Data excerpts:

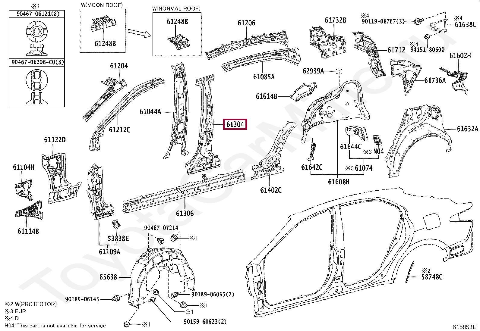61304-33101, REINFORCE SUB-ASSY, CENTER BODY PILLAR, UPPER LH
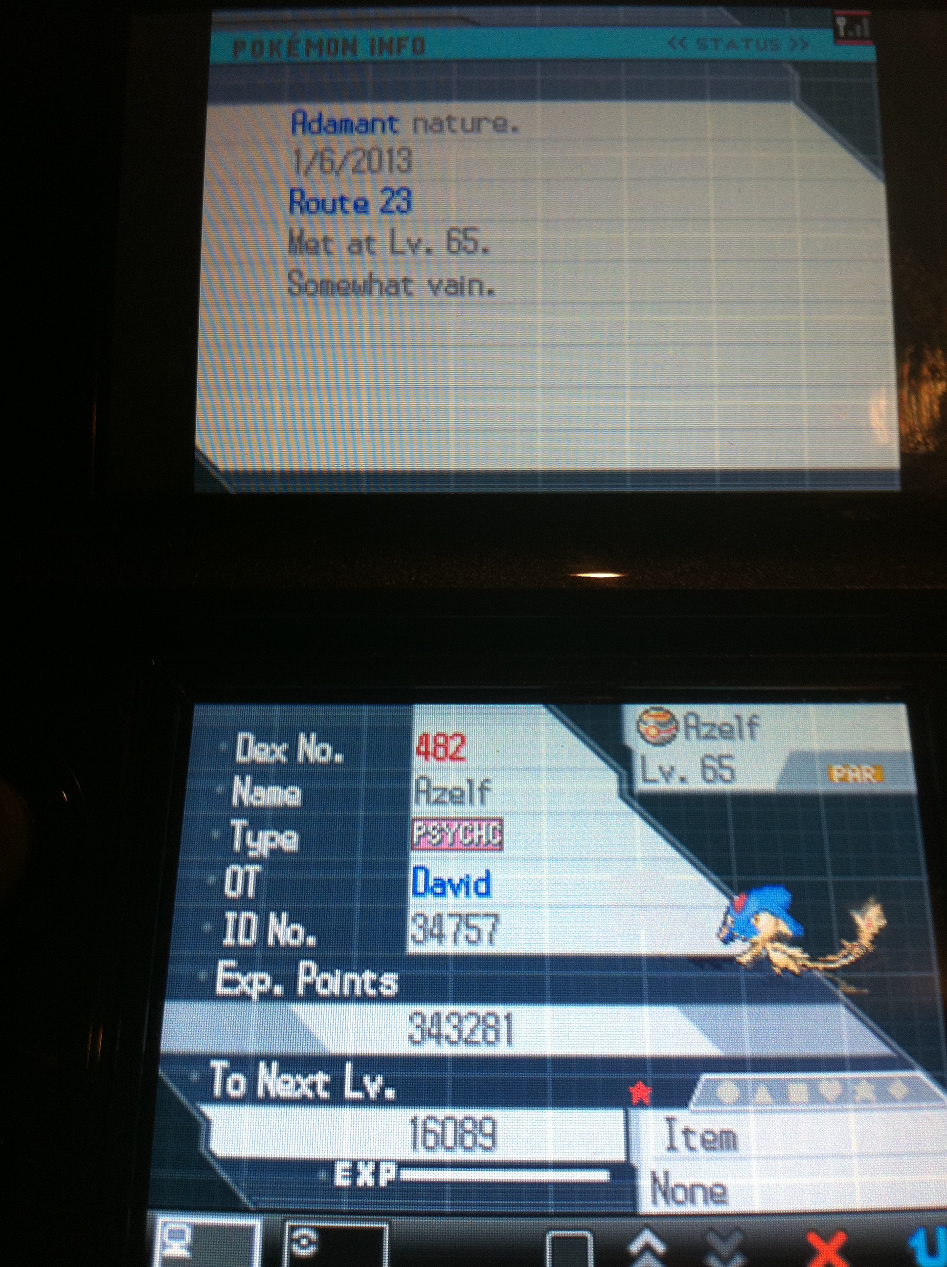 (I'm actually surprised how quickly I found that shiny Azelf, so this gives me a ton of motivation to hunt for a shiny Uxie)
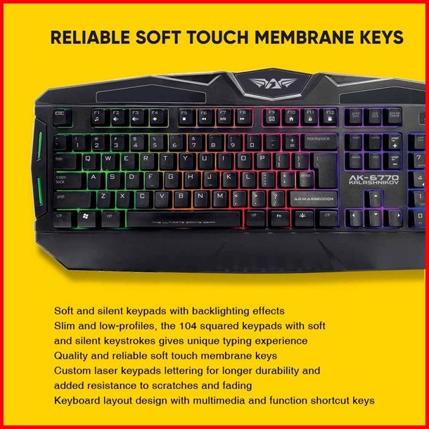 Armaggeddon Keyboard Mouse Gaming Combo Ak6770 Kalashnikov - 3200 Cpi Mouse - Garansi Resmi 2 Tahun
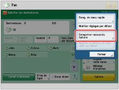 Quatre raccourcis des options sont affichés dans l'écran des fonctions de base du mode Fax. Les options définies par défaut sont [Densité], [Type d'original], [Original recto verso] et [Mélange d'originaux]. Ces raccourcis peuvent être modifiés pour des fonctions utilisées fréquemment.
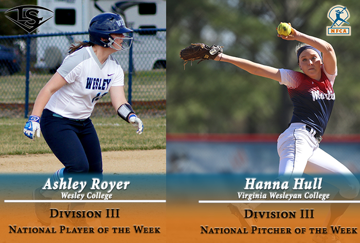 LOUISVILLE, Ky. — Virginia Wesleyan’s Hanna Hull and Wesley’s Ashley Royer captured this week’s Louisville Slugger/NFCA Division III National Pitcher and Player of the Week honors, respectively.

(DIRECTIONS FOR THIS TASK): Could you write out again, exactly, the lines from the line containing "Quatre raccourcis des" through the last line of the records above? Leave out the pictures.

(ANSWER TO THIS TASK):
 Quatre raccourcis des options sont affichés dans l'écran des fonctions de base du mode Fax. Les options définies par défaut sont [Densité], [Type d'original], [Original recto verso] et [Mélange d'originaux]. Ces raccourcis peuvent être modifiés pour des fonctions utilisées fréquemment.
 LOUISVILLE, Ky. — Virginia Wesleyan’s Hanna Hull and Wesley’s Ashley Royer captured this week’s Louisville Slugger/NFCA Division III National Pitcher and Player of the Week honors, respectively.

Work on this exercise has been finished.